Amelia asks :

Hi Lucy,

My partner’s parents have been living apart just over a year and their divorce was finalised about 6 months ago. It was very messy but recently his sister (28) has been forcing her father to get back and both parents are considering it as his mother is afraid of being alone. 

I feel as if both adults aren't thinking about how they feel or went through and are just getting back as it’s what their daughter wants. Please help- I don't want anyone to have to go through that divorce again!

 

Hi Amelia,

Agony Aunts on Female First

Agony Aunts on Female First

It may be best to stay out of this one- if you get involved then it may only cause more upset within the family unit.

It is always tempting to get back with someone to avoid being alone, however if they had a messy divorce, they might realise that getting back together could result in the same outcome.

It is down to the couple and they might come to realise that their daughter is perhaps acting out of hurt rather than thinking about what's best for them.

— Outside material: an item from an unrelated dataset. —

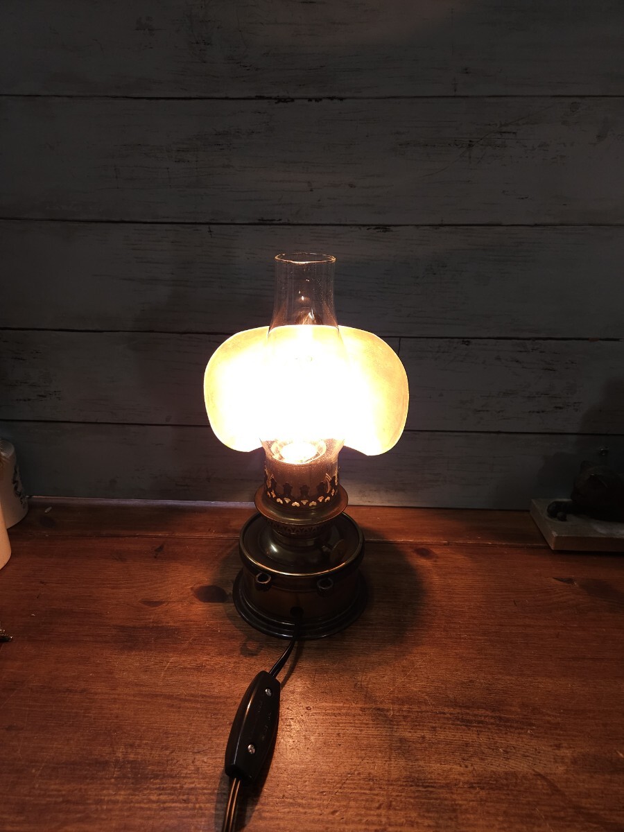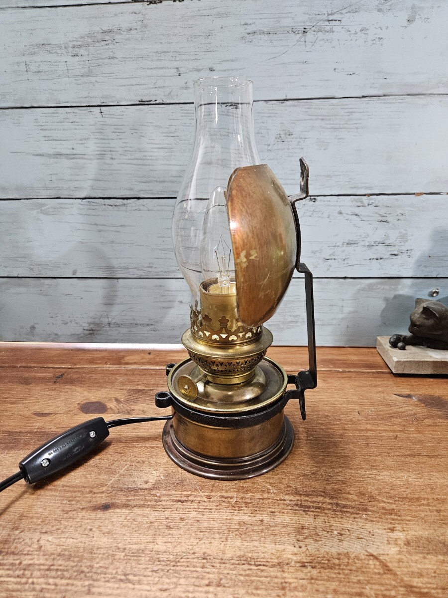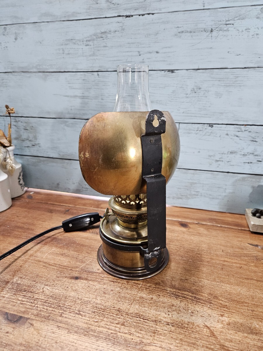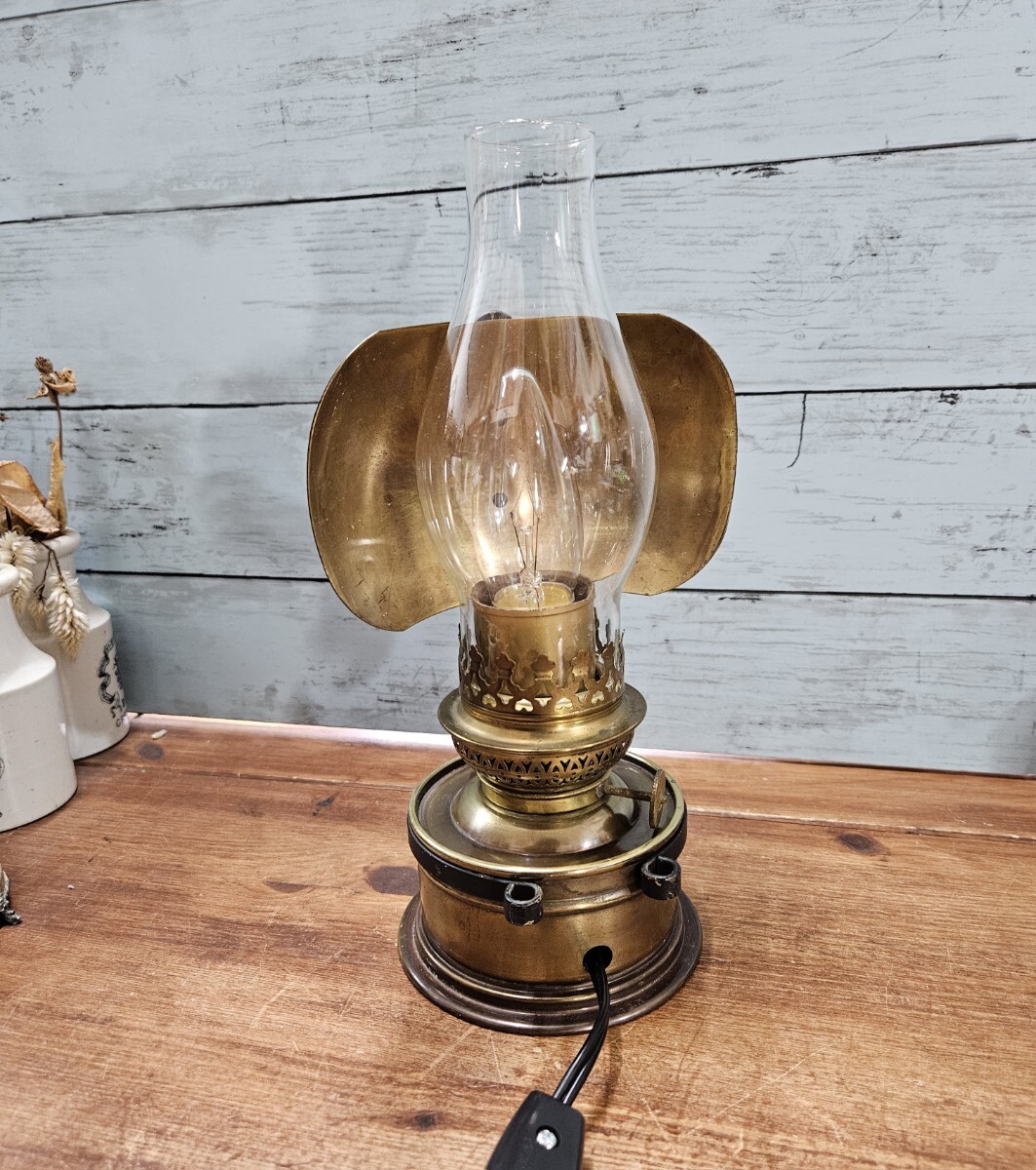 Product name: フランスヴィンテージ ランタン型のスタンドライト 真鍮製 シェード付き 卓上照明 フレンチ インダストリアル アトリエ 工房 B47

I would suggest being there for them both and your partner if they need to talk about anything. If you were to tell them your thoughts they could backfire depending on what they decide, which could damage your relationship with them as well as their relationship with your partner.

It sounds like their divorce may have impacted on you and your family too; however it's important to remember that it is their relationship and their decision. They may get back together for the wrong reasons -it seems that being there as a sounding board and support system is all you can do right now.

It sounds like they are finding it hard enough to come to a decision as it is- if you're honest about your thoughts, it might make things even more confusing for them if they try to do right by others all the time.